Real ESRGAN 4x is an advanced image upscaling technique that is used to enhance the quality and resolution of images. In the video, the presenter uses this method in conjunction with Anime6B to generate images in an anime style. The use of Real ESRGAN 4x suggests a focus on achieving a high level of detail and clarity in the final output.

💡Refiner

In the context of the video, a Refiner is a term used to describe a stage in the image generation process. It is a step following the base model generation, aimed at improving the quality of the image by reducing noise and enhancing details. The presenter plans to use a Refiner to refine the images generated by the base model.

💡Anime style

Anime style refers to a specific aesthetic often associated with Japanese animation. In the video, the presenter is experimenting with generating images in an anime style using the Upscale Model. This indicates a focus on creating images with a distinctive look that is characteristic of anime, such as exaggerated features and vibrant colors.

💡Negative prompt

A negative prompt is a term used in the context of the video to describe an input that helps guide the image generation process away from certain unwanted features or qualities. By adding a negative prompt, the presenter aims to prevent image deformities and achieve a cleaner, more polished final image.

💡Cherry blossom petals

Cherry blossom petals are a detail mentioned in the video that serves as an example of the kind of fine details that the image generation process is aiming to capture. The clarity and distinctness of such details are used as a measure of the effectiveness of the models and techniques being discussed.

Highlights

Introduction of a model supporting both Counterfeit and SDXL.
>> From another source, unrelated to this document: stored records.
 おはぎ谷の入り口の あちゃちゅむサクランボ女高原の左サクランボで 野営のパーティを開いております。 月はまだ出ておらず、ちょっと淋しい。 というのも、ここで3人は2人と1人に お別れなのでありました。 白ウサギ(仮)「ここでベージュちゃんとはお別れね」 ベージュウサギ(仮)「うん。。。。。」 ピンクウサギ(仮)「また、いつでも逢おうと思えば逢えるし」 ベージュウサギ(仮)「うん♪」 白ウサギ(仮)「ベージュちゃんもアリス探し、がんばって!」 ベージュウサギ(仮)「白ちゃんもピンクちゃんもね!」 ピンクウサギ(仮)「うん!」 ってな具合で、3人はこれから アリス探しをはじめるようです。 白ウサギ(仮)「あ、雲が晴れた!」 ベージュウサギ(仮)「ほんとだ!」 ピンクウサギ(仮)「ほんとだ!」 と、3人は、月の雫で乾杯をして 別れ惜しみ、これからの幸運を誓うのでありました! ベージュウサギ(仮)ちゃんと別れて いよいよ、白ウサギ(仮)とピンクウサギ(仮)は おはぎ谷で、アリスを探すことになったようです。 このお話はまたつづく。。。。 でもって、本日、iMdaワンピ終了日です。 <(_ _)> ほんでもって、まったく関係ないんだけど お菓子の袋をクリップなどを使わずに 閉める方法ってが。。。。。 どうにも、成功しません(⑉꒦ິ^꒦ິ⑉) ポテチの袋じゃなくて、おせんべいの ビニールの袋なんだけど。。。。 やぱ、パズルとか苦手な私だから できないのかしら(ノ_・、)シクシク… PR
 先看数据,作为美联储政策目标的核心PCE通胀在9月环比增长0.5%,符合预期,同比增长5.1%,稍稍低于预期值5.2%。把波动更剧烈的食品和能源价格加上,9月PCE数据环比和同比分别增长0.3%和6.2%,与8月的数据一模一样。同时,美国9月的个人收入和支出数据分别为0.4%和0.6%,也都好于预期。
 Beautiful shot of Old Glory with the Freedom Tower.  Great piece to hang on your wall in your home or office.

The CounterfeitXL and SDXL models are approximately 7GB in size.

Three Negative Embeddings are exclusively for SDXL: Standard (A), Realistic (B), and Anime-like (C).

CIVITA features prompts and images for reference.
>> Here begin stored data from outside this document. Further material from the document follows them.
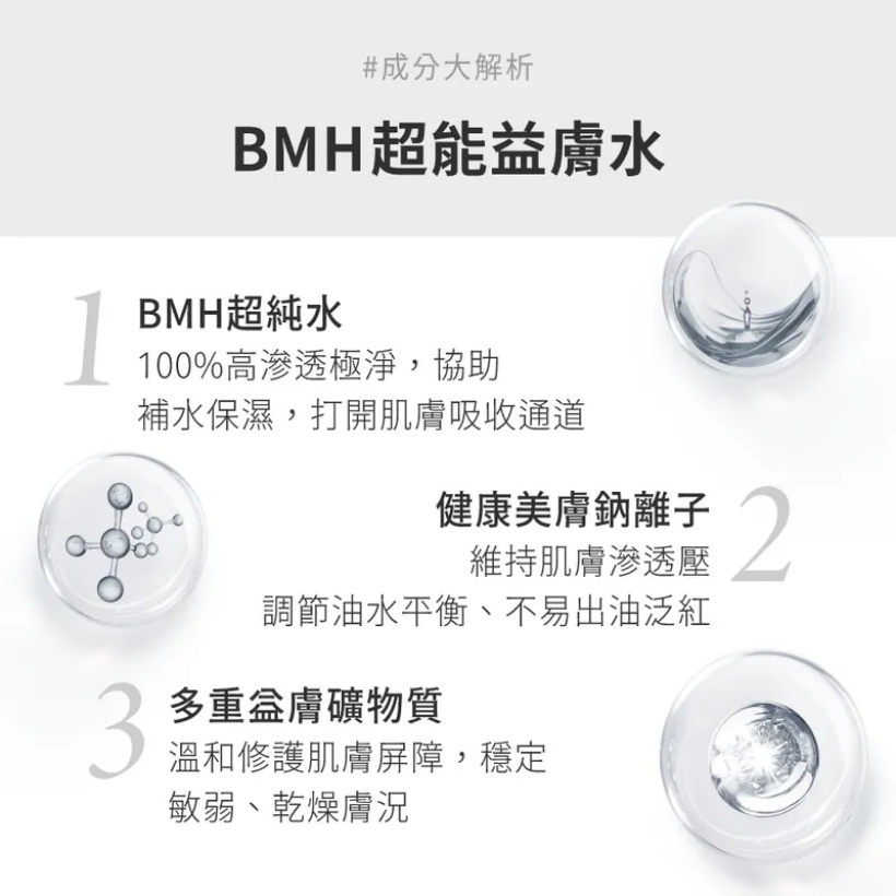 益膚水配方:BMH超純水、礦物質等快速打底補水
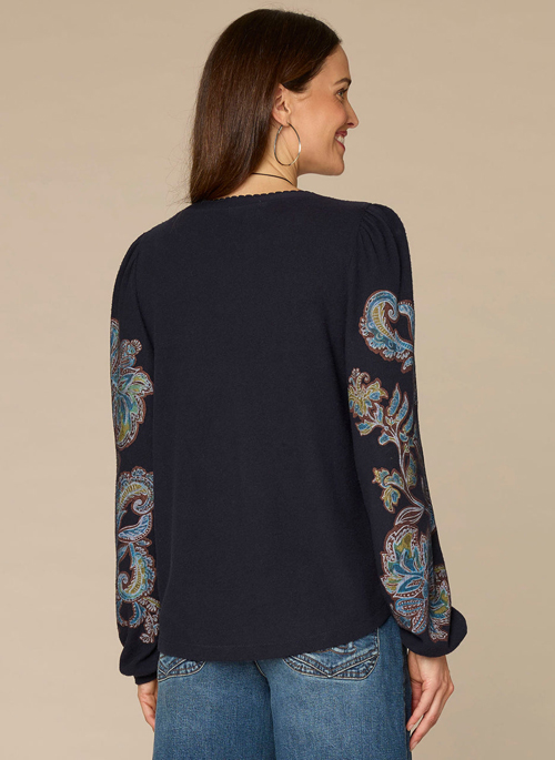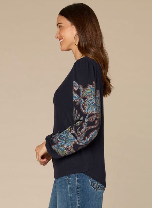 With long blouson sleeves, an embroidered scoop neck, and a floral placement print, this knit top is a basic—but it’s far from boring. Flattering, feminine, and full of style, it’s a year-round favorite.
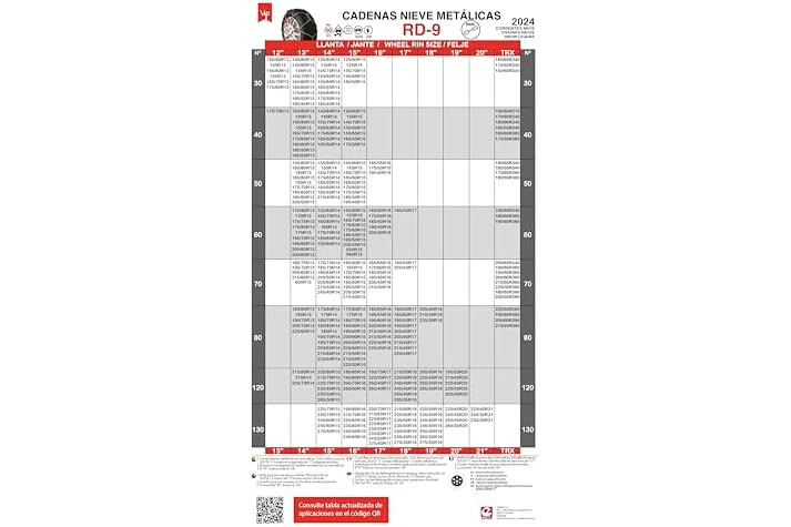 RD9 - Cadenas de nieve metálicas RD9 mm, talla Nº 130, set 2 uds, guantes incluidos
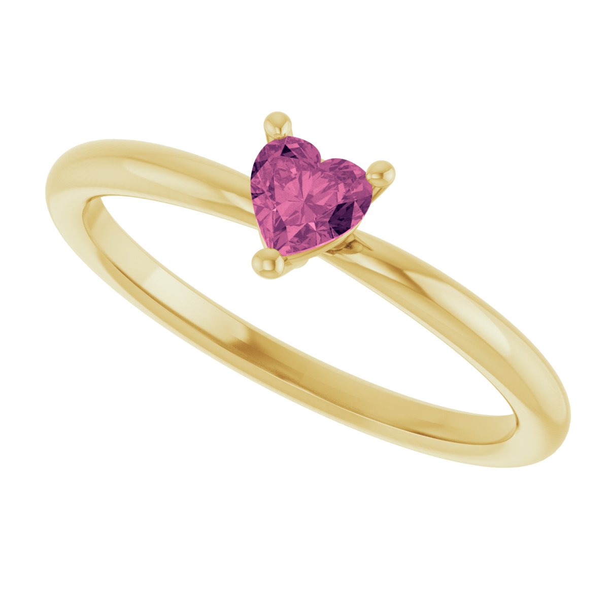 14K Yellow Natural Pink Tourmaline Heart Solitaire Ring

Comfy UI is considered for producing quicker and cleaner images.

A video on Comfy UI is planned for the following week, slightly delayed due to breaking news.

The model used is Counterfeit XLα without LoRA.

The image size is set to 1024 by 1024 with total steps of 35.

CFG scale is 7 and clip skip is set to 2.

Images are generated using the sampler with DPM++2MSD crow.

An Upscale Model is set up for 1.5x upscale with denoising strength 0.3.

The impact of Negative Embeddings on image quality is evaluated.

Standard model (A) makes the image more solid.

Realistic model (B) slightly distorts the hand but makes the face cute when upscaled.

Anime-style model (C) doesn't show significant changes but has some variation.

Negative prompt from a template is added for deformity prevention and quality improvement.

The final image with the added negative prompt shows a noticeable change in composition and hand clarity.